Next

While datamixer is fully functional (apart from recursion, see below), some enhancements would make it more full-featured:

  • Iterators as parameters. Functions and other elements often take a constant value as argument. In many cases, these could be replaced with the next value from an iterator. For example, the foreach function takes an integer as its end value. Rather than use a constant for this value, it could use the next value from a random iterator, to generate a different number of values with each call.


  • Recursion: there is not yet a design for recursion. Currently an element with nested elements needs to be built in-memory, and this dataset can get large. For example, in the university example, a semester includes many classes, each of which includes many students. The entire semester needs to be built in memory, before being output. If recursion were supported, a streaming model could be used, where even nested elements were output as they were generated, with no need to manage them in memory. Note that lack of recursion is a problem with XML output but not CSV, since CSV does not supported nested elements.


  • Configuration would benefit from an expression language such as Jakarta Velocity. As well as providing a standard expression syntax, it would add support for constant values declared in one place instead of throughout the code, arithmetic, boolean, etc. expressions, and method calls on Java objects.


  • Presentation: currently I/O is supported to the console and to files. A useful addition would be to support the JDBC API, so that values could be read from or written directly to a relational database. It would also be useful to read/write values directly from Java objects via reflection.


  • Design: It takes time to write and maintain a datamixer program in Java. The same is true of XML configuration. A GUI might help. One possibility is to generate datamixer code from a UML class diagram.
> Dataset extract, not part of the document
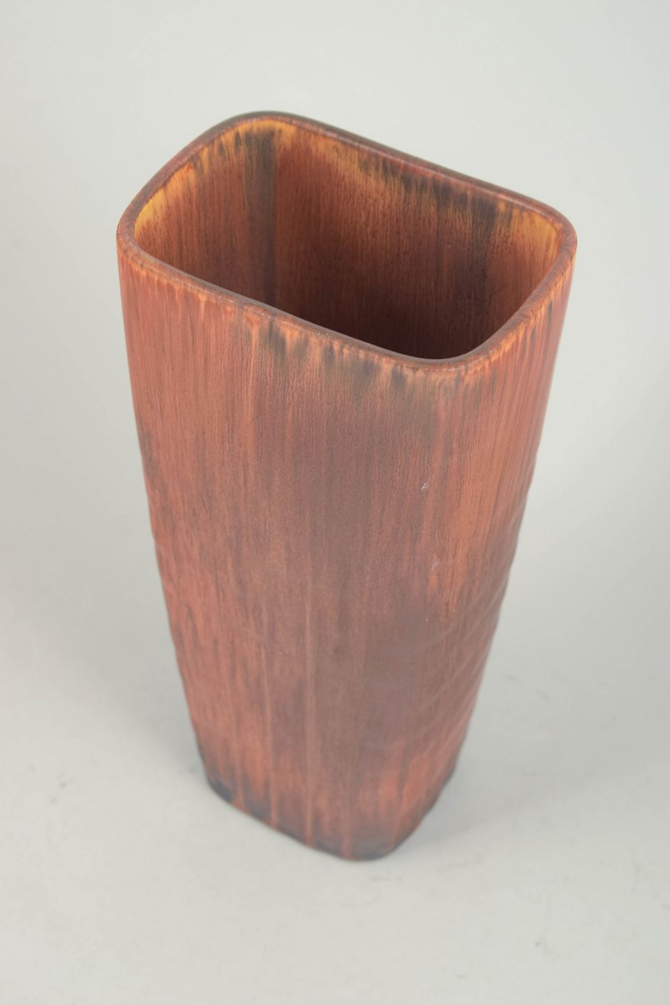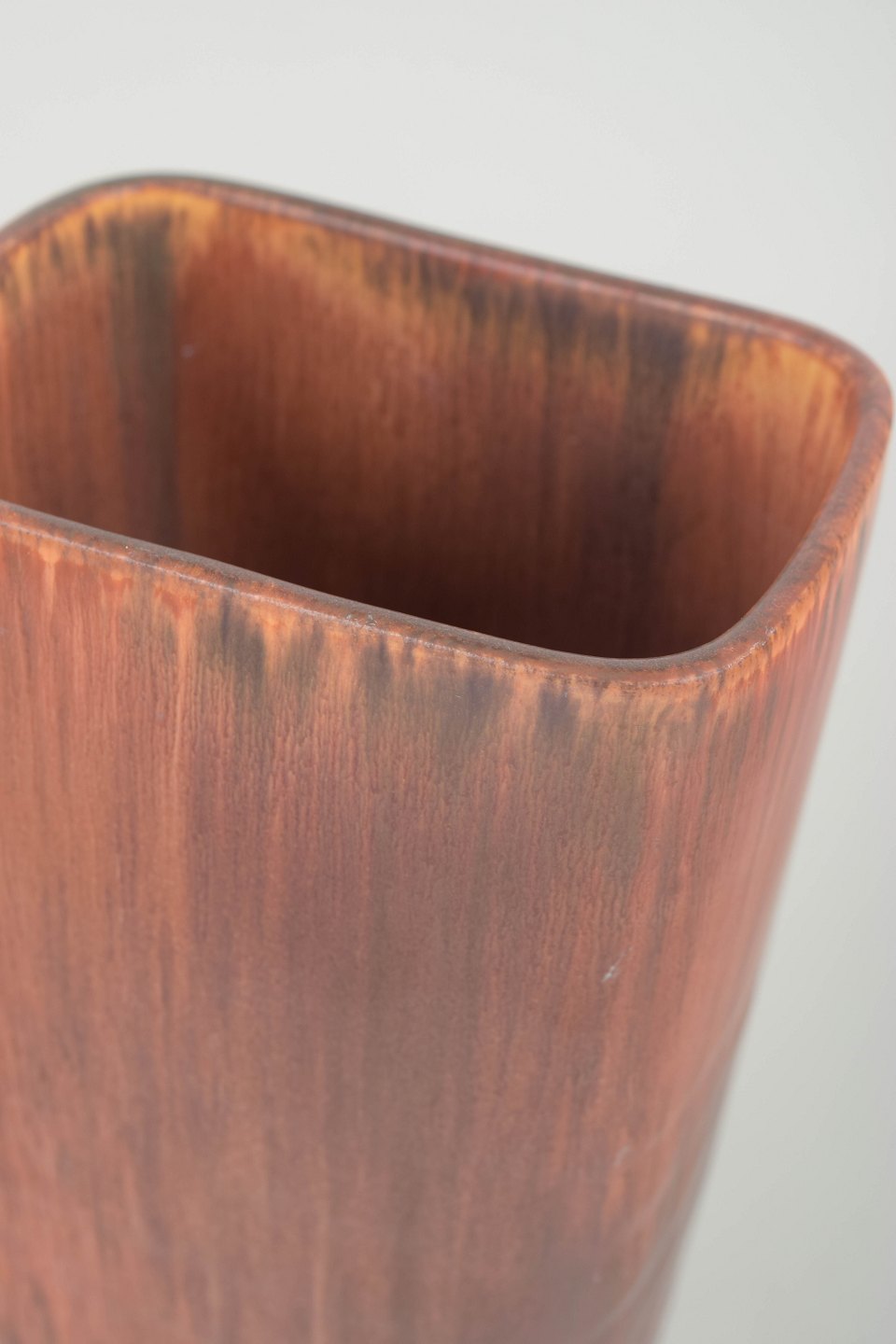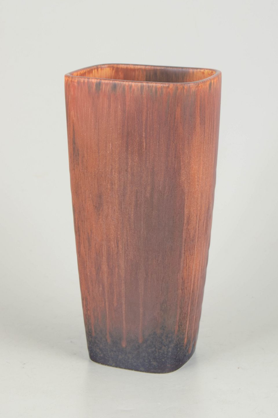 Stor, kantet vase i stentøj med markant rektangulær form og afrundede hjørner. Dekoreret med løbende glasur i varme brunlige og kobbertoner, der samler sig i mørkere nuancer mod bunden. Et kraftfuldt og dekorativt eksempel på Stålhane’s arbejde i større formater.

Classes and data members in the diagram coule be associated with datamixer classes to generate their data. Multiplicities in the diagram could be defined as the range of a synthetic collection, or a function.
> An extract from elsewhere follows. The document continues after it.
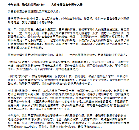 “赛嘉的十年,是我们家从 2 个人变成 5 个人的十年。” 杜女士在十周年家书里写道。2015 年,她与先生入住一室一厅,后来迎来小天使,父母搬来同住,赛嘉的户型也同步 “成长”:从温馨一室到宽敞两室,再到如今承载五口之乐的三室一厅。儿童活动区记录着孩子的蹒跚学步,休闲廊留下过家庭聚会的笑声。

  • Languages: Datamixer could easily be ported to other languages such as Perl or C++. As well, scripting languages such as rhino or jython can run directly against the datamixer jarfile.


  • Performance: The current implementation is interpreted and so relatively slow. While small datasets (megabytes) can be generated in a reasonable time, it would take forever to generate gigabytes of data, to load into a database for performance tests. Code generation would result in a faster implementation.